The Slatest

In Europe, Green Is the New Red

The new mayor of Bordeaux, wearing a sash, walks down the street flanked by advisers.
Europe Ecologie Les Verts’ Pierre Hurmic walks in a street with his counselors after being officially elected mayor of Bordeaux, France, by the City Council on Friday. Mehdi Fedouach/Getty Images

Europe’s green wave hasn’t crested yet, with ecologically minded parties continuing to rack up impressive election performances in recent weeks.

When Green parties throughout Europe saw unprecedented success in European Parliament elections last year, it was clear that voters were responding to concerns about the climate crisis as well as a loss of confidence in the big mainstream parties that have dominated politics for decades. But EU elections are often favorable for protest votes and fringe parties, and there were questions about whether the enthusiasm would last. “People were already starting to flirt with us. Now they have had a one-night stand. Whether this is a permanent relationship is totally unclear,” Sven Giegold, a leading German Green MEP told me last June. Judging from recent election results, the infatuation hasn’t faded. In fact, in several countries the greens appear on the verge of eclipsing old-school socialist or social-democratic parties as the main electoral voice of the left.

Local elections in France last week featured what Le Monde described as a “green wave,” with the country’s Green Party, officially known as Europe Écologie Les Verts, winning in Lyon, France’s third largest city, as well as in Bordeaux, Strasbourg, and several other major cities, while President Emanuel Macron’s centrist En Marche party failed to make much of a dent. As the BBC noted, France’s once dominant Socialist party has been “all but wiped out at a national level”, but one bright spot for the party was the reelection of Paris mayor Anne Hidalgo who ran with the support of the Greens and has made fighting climate change a centerpiece of her tenure.

In Ireland, the Green Party was key in bringing about a coalition deal reached on June 26, bringing an end to months of political deadlock since an inconclusive election in February. The country’s two historic rival center-right parties, Fianna Fail and Fine Gael, will govern together for the first time. They reached a majority only with the support of the Greens, who signed on after winning concessions including a government target of 7 percent annual average carbon emissions cuts.

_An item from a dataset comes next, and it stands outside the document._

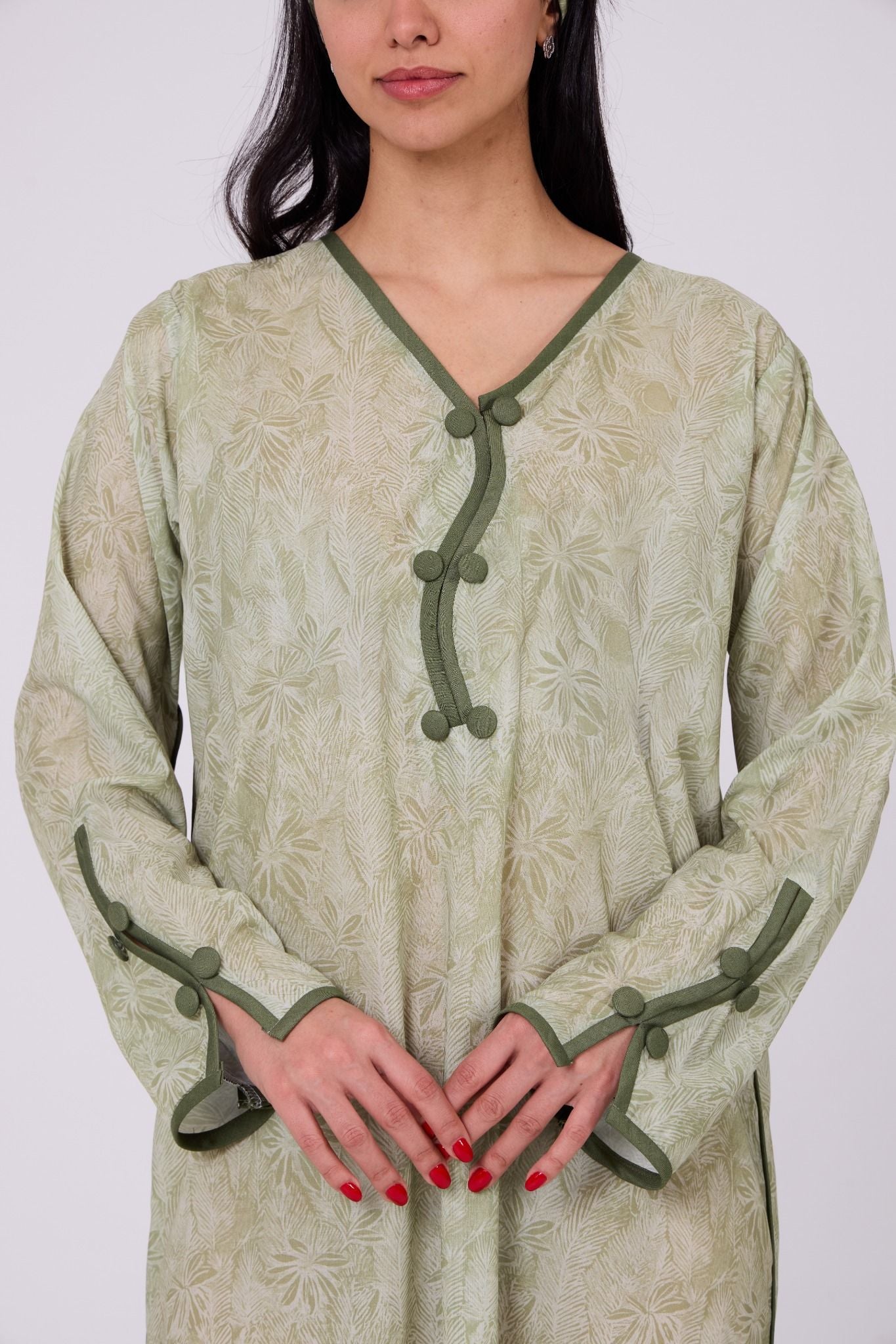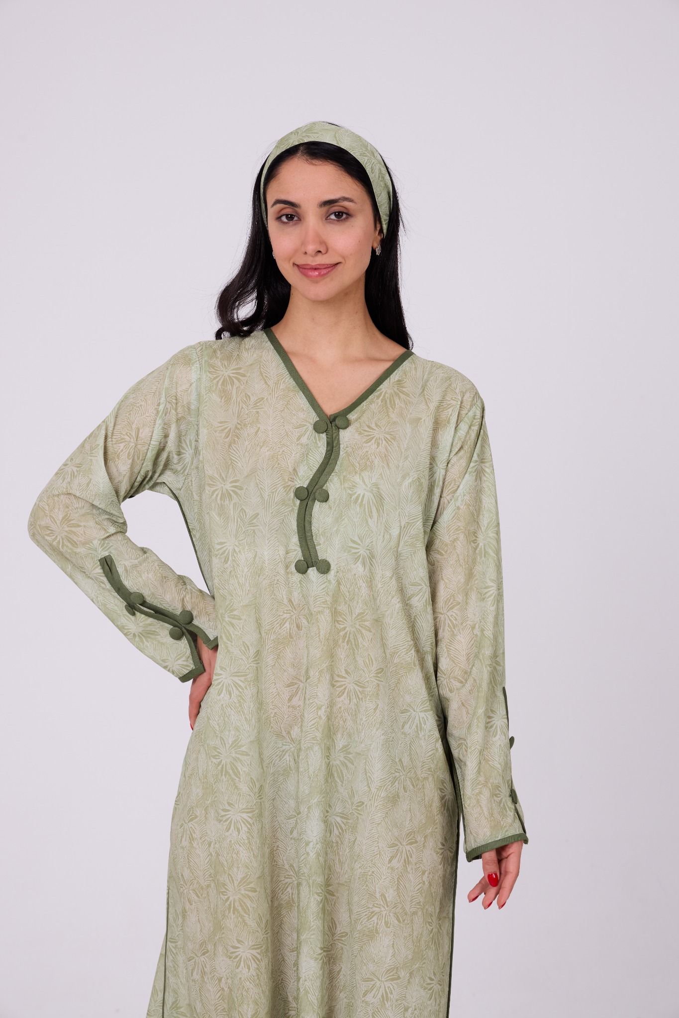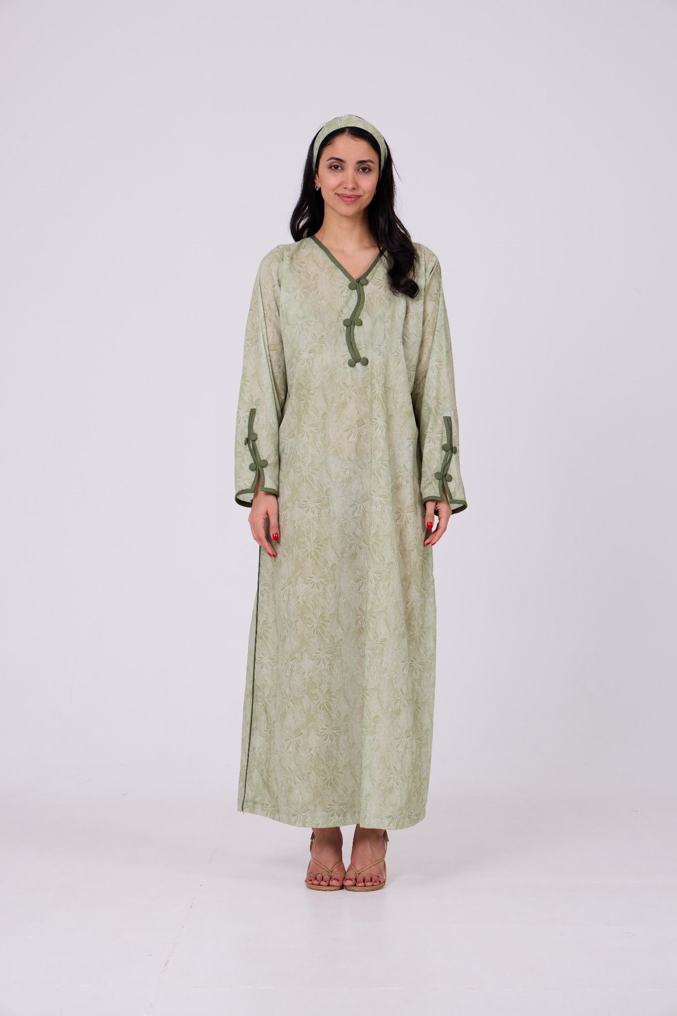 A soft olive-toned jalabiya crafted in lightweight printed fabric, featuring delicate fern-inspired motifs that create a calm and elegant aesthetic. Designed with a flattering V-neckline, enhanced by contrast olive piping and fabric-covered button detailing for a refined finish. The wide sleeves are accented with slit openings and matching fabric buttons, adding subtle structure while maintaining comfort and ease. Comes with a matching headband to complete the look.
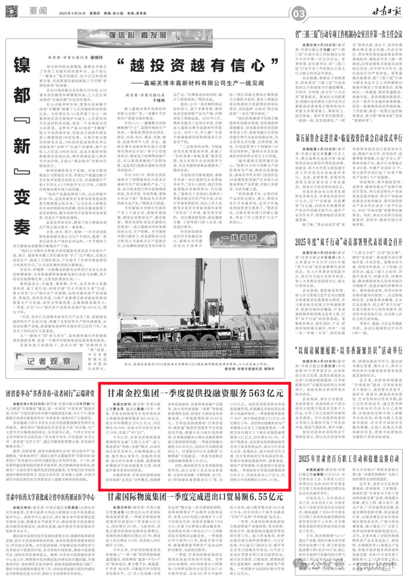 今年以來,甘肅金控集團緊緊圍繞做好金融“五篇大文章”,深入推進落實“財政+金融”模式,以深化國企改革為牽引,不斷增強核心功能、提升核心競爭力,加強協同創新,加大對全省重大戰略、重要領域和薄弱環節的金融服務力度,持續提升服務實體經濟質效。

Germany has one of the world’s oldest and strongest Green parties—it’s celebrating its 40th anniversary this year and has been a part of national-level coalitions in the past—looks set for a return to power. With elections for the Bundestag looming next year, the Greens in second place behind the ruling CDU with 20 percent of the vote. As Deutsche Welle puts it, Die Grünen are “replacing the Social Democrats as Germany’s second party, and a likely partner for the next government coalition.”

The Greens’ recent gains come at a time of increased political fragmentation that has benefited smaller parties, and have mostly come at the expense of center-left stalwarts like the French Socialists or Germany’s SPD. But recent developments in Austria show that perhaps we shouldn’t be so quick to assume the Greens will be the new voice of the left.

At the beginning of this year, the Austrian Greens struck a coalition deal with Conservative Chancellor Sebastian Kurz’s Austrian People’s Party. The 33-year-old Kurz had previously been in coalition with the Freedom Party, a far-right party founded by ex-Nazis, until that government fell apart as a result of an extremely sloppy scandal involving a drunken night in Ibiza and Russian influence peddling. Kurz’s new partnership marks a shift to the left, but not as dramatic a shift as you might think. His government continues to stand against “political Islam,” and for lower taxes and reduced immigration. He has vowed to “protect the climate and the borders.”

The coalition deal was approved by an overwhelming 93 percent of the Green Party’s membership. Writing in the American socialist magazine Jacobin, activist Teresa Petrik suggests we shouldn’t be surprised by this. “Some Green voters might identify as left-wing,” she writes, “Yet most of the party’s base are highly educated and financially well off. They are not the people who will suffer from continued welfare cuts and the neoliberal policies the new government is pushing forward.”

Austria’s strange new government is more troubling evidence of just how easily environmental concerns can be wedded to a hard-line anti-immigration agenda. But on the other hand, it’s also a sign that the climate issue has become so mainstream in Europe that even the bona fide right-wingers are embracing it. The U.S. is not quite there yet.